2. Harry Mathews — 20 Lines a Day

It’s late and I need a little time to let Mathews’s charming and meaningful vignettes seep into the right side of brain—as in correct, not the opposite of left—before I pass comment (or into sleep). Over the years 1983-4, pivotal in Mathews’s life, and in literary history, the American Oulipian wrote twenty lines per day, based on an old Stendhal quote. During this time seminal OuLiPo members Georges Perec and François LeLionnais passed away, and these short entries touch upon the sadness in his life and the horror of trying to write through it all. It’s the highbrow equivalent of Blogger, more or less. Some entries are ponderous, some funny, some random, some moving. Towards the end he overeggs the second person, but who’s complaining? This brisk book is expressive and charming.

3. Alf MacLochlainn — Out of Focus

One of the earliest Dalkies. The novel’s blurb (see novel’s blurb) takes a stab at summing this up, and almost succeeds. The closest I can get is to say it’s like a cross between Inish and the Research Bureau columns in The Best of Myles, but not as good and twice as weird. The illustrations are hilarious and some lines are so absurd I chuckled, despite my utter bemusement. I read this while distracted to the point of . . . distraction. So add an extra star if you must to excuse my anxious state, and congratulate me on my graduation, which was today.

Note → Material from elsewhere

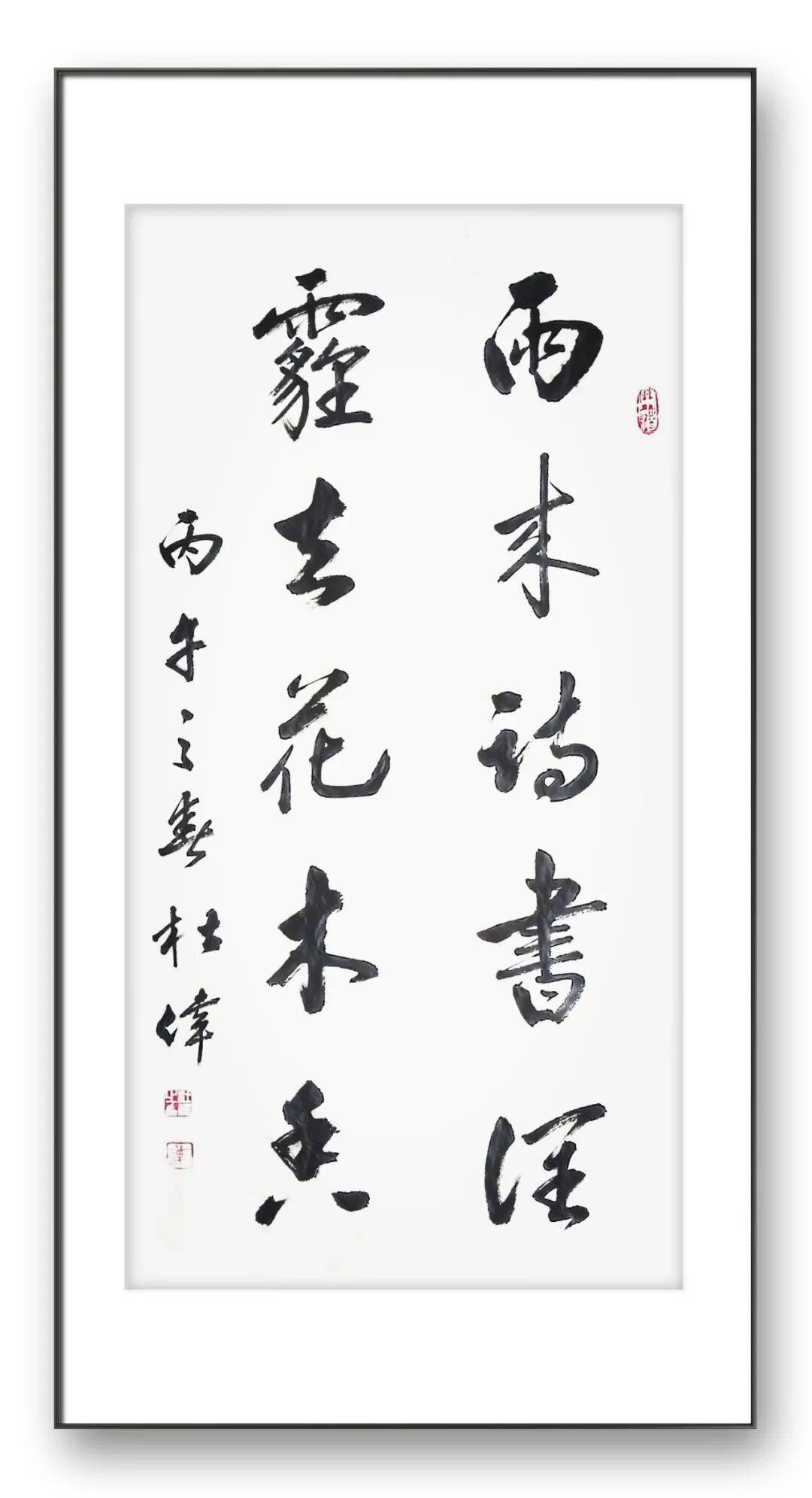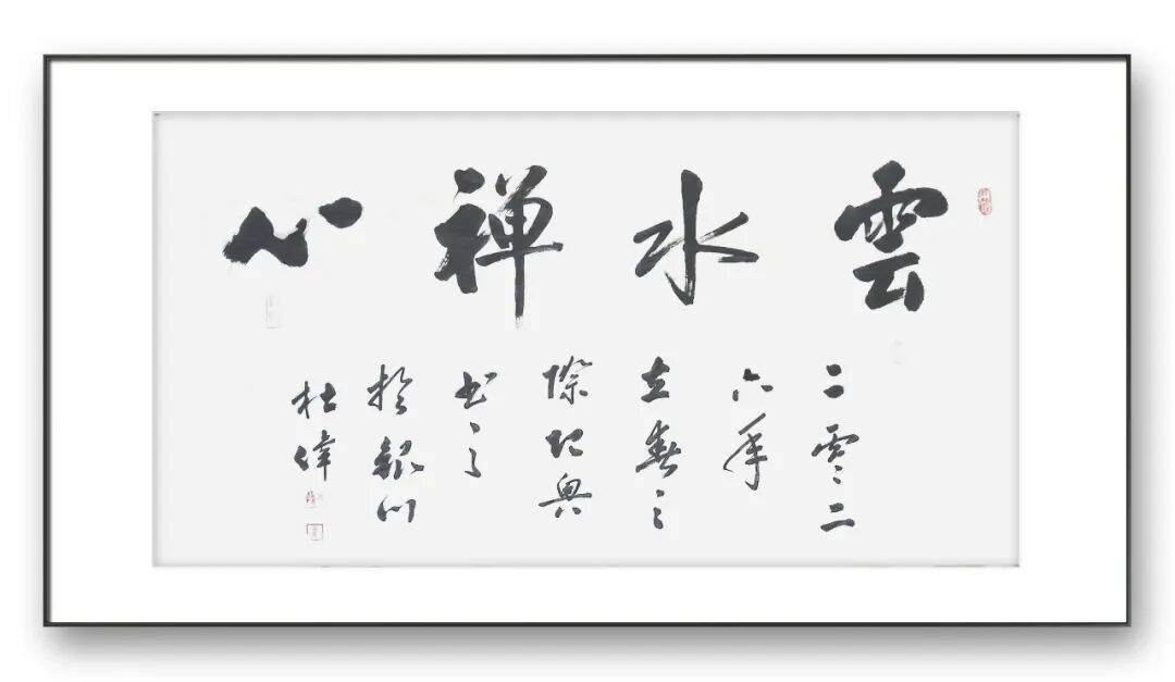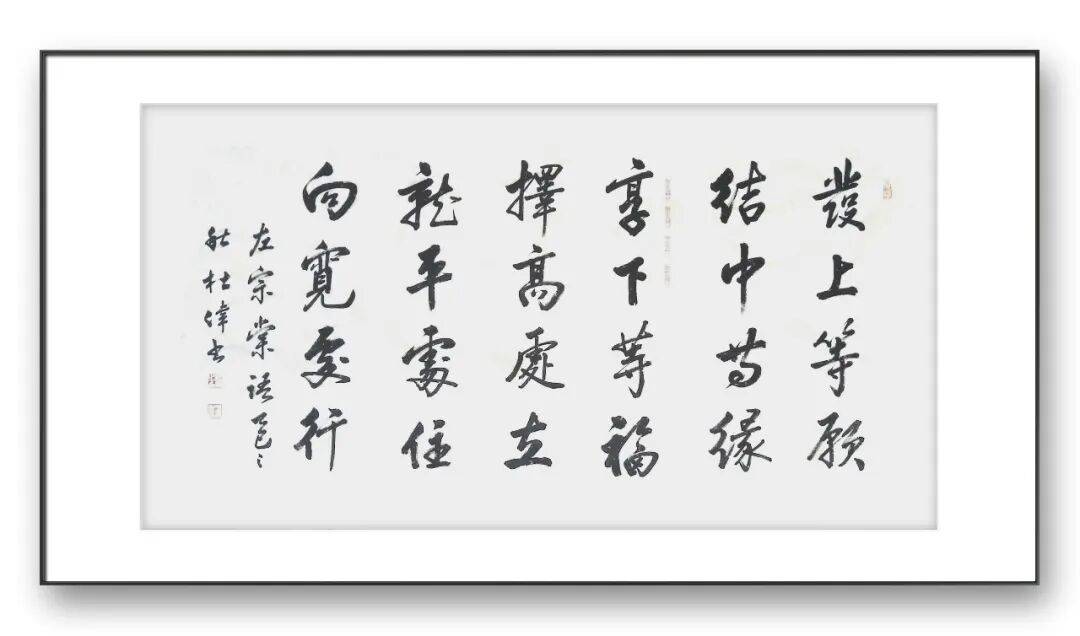 观赏杜伟老师的行书作品,笔墨酣畅淋漓,线条圆润而不软媚,劲健而不僵硬,结体欹正相生,疏密错落有致,每一笔都灵动洒脱,每一个字都富有生命力,既能让书法爱好者感受到笔墨技巧的精妙,也能让普通观者体会到书法艺术的美感,真正实现了“雅不避俗、俗不伤雅”。其行书作品不仅兼具艺术价值,更具实用价值,被广泛应用于题字、匾额、楹联等场景,深受各界人士喜爱。

4. Dubravka Ugrešić — Lend Me Your Character

More magical egghead prose from Croatia’s best woman. ‘Steffie Cvek in the Jaws of Life’ is a patchwork novella with various instructions for perforating and crocheting the prose. Where B.S. Johnson might actually knit a novel in a scarf, Mrs. Ugrešić merely presents the idea with her customary sardonic wit. The story collection ‘Life is a Fairy Tale’ involves a woman who finds a penis in her hotdog, a zealous translator of Daniil Kharms failing to reach her publisher, a reworking of Tolstoy’s ‘The Kreutzer Sonata’ involving a cannon on a train, and a man who borrows a writer’s female character to have sex with his male character. Absurd brilliance from this restless firecracker. See also Baba Yaga Laid an Egg.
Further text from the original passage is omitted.